Learning similarity function for rare queries

  • Authors:
  • Jingfang Xu;Gu Xu

  • Affiliations:
  • Microsoft Research Asia, Beijing, China;Microsoft Research Asia, Beijing, China

  • Venue:
  • Proceedings of the fourth ACM international conference on Web search and data mining
  • Year:
  • 2011

Quantified Score

Hi-index 0.00

Visualization

Abstract

The key element of many query processing tasks can be formalized as calculation of similarities between queries. These include query suggestion, query reformulation, and query expansion. Although many methods have been proposed for query similarity calculation, they could perform poorly on rare queries. As far as we know, there was no previous work particularly about rare query similarity calculation, and this paper tries to study this problem. Specifically, we address three problems.

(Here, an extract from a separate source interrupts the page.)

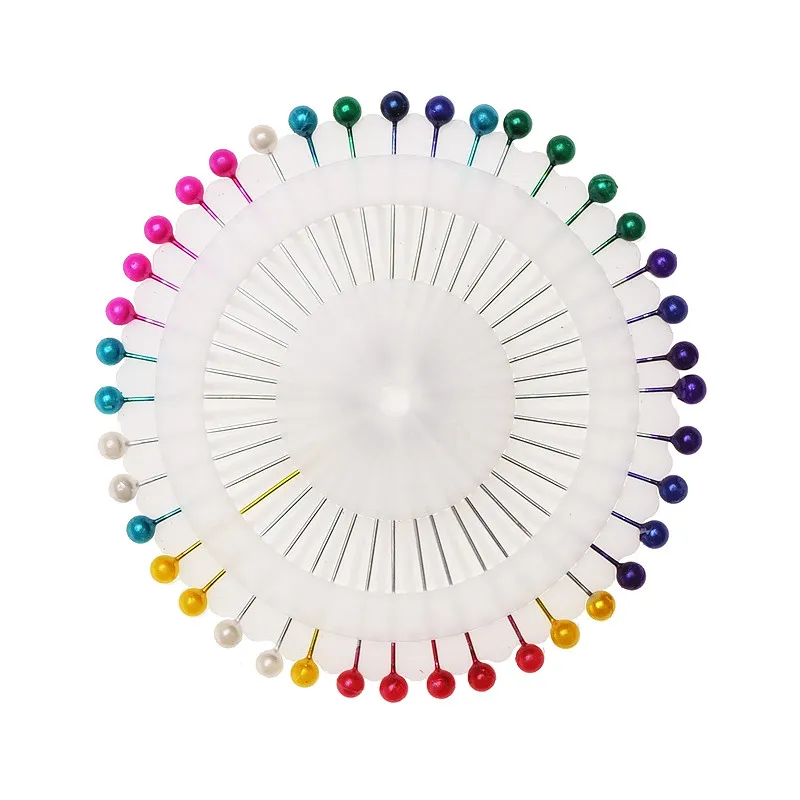 Komplet 40 szpilek z kolorowymi główkami na wygodnym w użyciu krążku.

Firstly, we define an n-gram space to represent queries with their own content and a similarity function to measure the similarities between queries. Secondly, we propose learning the similarity function by leveraging the training data derived from user behavior data. This is formalized as an optimization problem and a metric learning approach is employed to solve it efficiently. Finally, we exploit locality sensitive hashing for efficient retrieval of similar queries from a large query repository. We experimentally verified the effectiveness of the proposed approach by showing that our method can indeed enhance the accuracy of query similarity calculation for rare queries and efficiently retrieve similar queries. As an application, we also experimentally demonstrated that the similar queries found by our method can significantly improve search relevance.